She bore Belphoebe, she bore in like case
Fair Amoretta in the second place:
These two were twins,

Amoretta (Amoret) was taken by Venus and raised in the Garden of Adonis.
"Amoret Adonis" (Am_re_ _d_nis) spells Mary Sidney. Later Amoret is
confined in The House of Busirane. "The Busirane" spells Henry Herbert,
Mary's husband. This links Mary Sidney with Shakespeare's Venus and
Adonis. Philip Sidney and Adonis both died young in an adventure.

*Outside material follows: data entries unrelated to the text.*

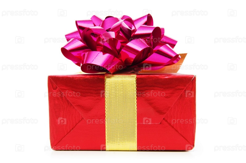 Красная коробка с подарком на белом фоне
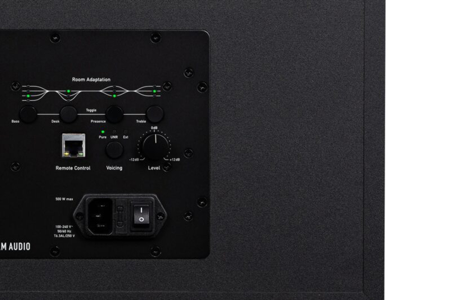 Опции адаптации к комнате на задней панели студийного монитора ADAM Audio A77H.
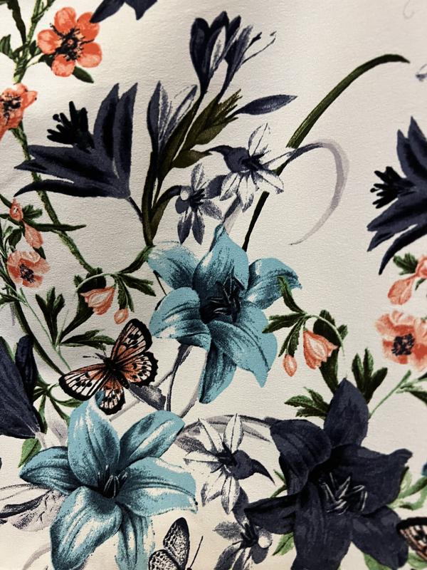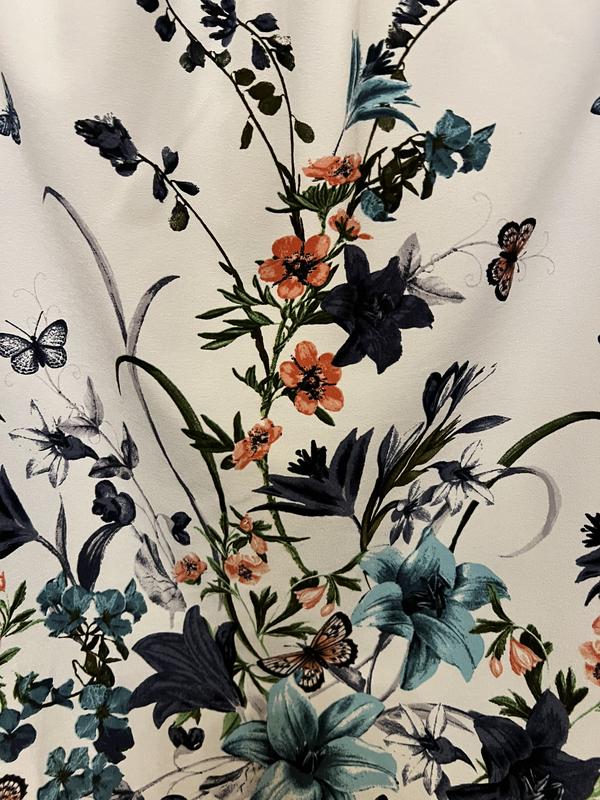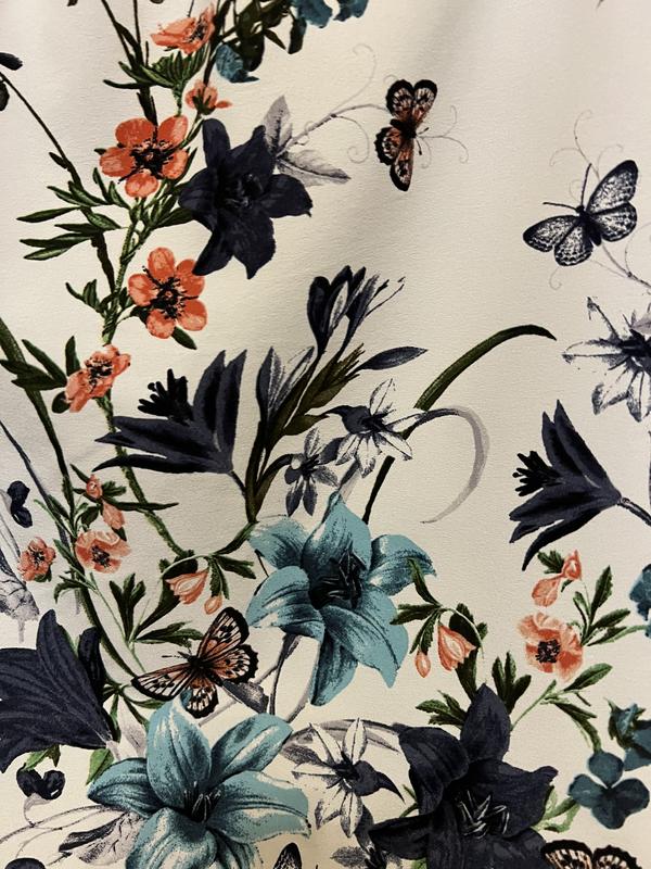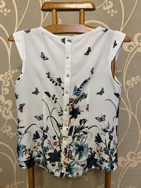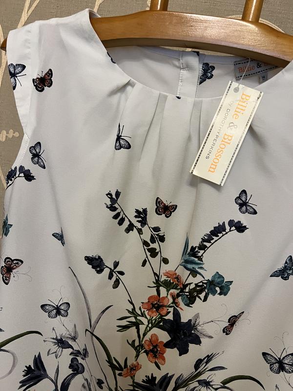 Пропоную вашій увазі дуже красиву і стильну брендовий блузку в різнобарвних квітах і метеликах, спинка повністю застібається на ґудзики (в живу виглядає набагато цікавіше). Фірма Billie&Blossom від DOROTHY PERKINS. Розмір вказано 14US10..за вимірами йде на 10. Склад: 100% поліестер, тканина трохи тягнеться. Нова. ПОГ-50, довжина-60, плечі-38, ширина по низу-52. УВАГА!!! При купівлі три і більше моїх речей-безкоштовна доставка посилки Новою поштою. Вдалих покупок.

Spenser played these names again in his _Amoretti_ (1595). In sonnet-74
and -75 he asked readers to do the anagram ("letters framed") by trading
Amoretti with Belphoebe (for they are twins) to "immortalize" his wife's
name Elizabeth Boyle.

Most happy *letters framed* by skillful trade,
with which that happy name was first defined:
. . .
Ye three Elizabeths forever live, (sonnet-74, Amoretti)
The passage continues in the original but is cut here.